Grid false alert "Agent to OMS communication is broken"
If you are receiving tonnes of alerts from grid as below, here is a simple solution.
Increase max_inactive_time in table sysman.mgmt_emd_ping, default timeout is 120 secs (2 mins)
How does this parameter work with Grid & Agent?
Each Management Agent sends a periodic signal to an Oracle Management Service (OMS) indicating that the Management Agent is available.
If the Management Service does not receive a signal from an Management Agent within a specified time interval (default of 120 seconds) then the Management Service performs a reverse ping.
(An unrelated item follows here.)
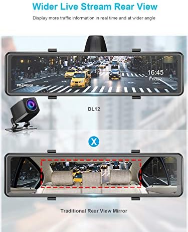 12″ Wider Live Stream Rear View: With latest 12″ IPS touch screen(Updated 11.5″ screen from Jun 2021), DL12 backup camera can provide more traffic information in real time and at wider angle than 10″ rear view mirror one, also easy for operation. The cord for rear camera is about 21.34ft, please contact our after-sale service team if this is not nough for your car.
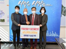 주영산업(주) 호진페인트는 지난 12일 양산시를 방문해 어려운 이웃을 위해 사용해달라며 성금 500만원을 기탁했다.

A reverse ping is when the Management Service attempts to contact the Management Agent using the Management Agent URL. If the reverse ping succeeds, then the Oracle Management Service knows that the Management Agent and host are both available.
If the Management Service reverse ping fails, then all targets monitored by the Management Agent are considered to be in the “Agent Unreachable” state, and the Oracle Management Service attempts a TCP ping of the host on which the Management Agent resides. Based on the results of the TCP ping, one of two messages will be returned:
- If the Management Service’s TCP ping to the host succeeds, then the Management Service determines that the Management Agent is down, but the host is still up. The notification alert message will indicate this state.The message is as follows:
Agent is Unreachable (REASON = Connection refused) but the host is UP.The REASON will be filled with the error that was received while performing the reverse ping.
- If the Management Service’s TCP ping to the host fails, then, you may conclude one of the following:
- There are network problems between the Management Service and Management Agent hosts
- The host itself is down
- The host cannot be reached using a ping because a firewall exists between the Management Service and the Management Agent hosts that prevents ICMP traffic from passing, or the Management Agent host does not support ICMP packets
The notification alert message will indicate the problem. If Management Service’s host ping fails, the message is:
Agent is Unreachable (REASON = Connection refused). Host is unreachable (REASON = unknown host)
The REASON for Agent Unreachable will be filled with the error we received while perfoming the reverse ping and the REASON for host unreachability will be filled with the error we received while performing the host ping.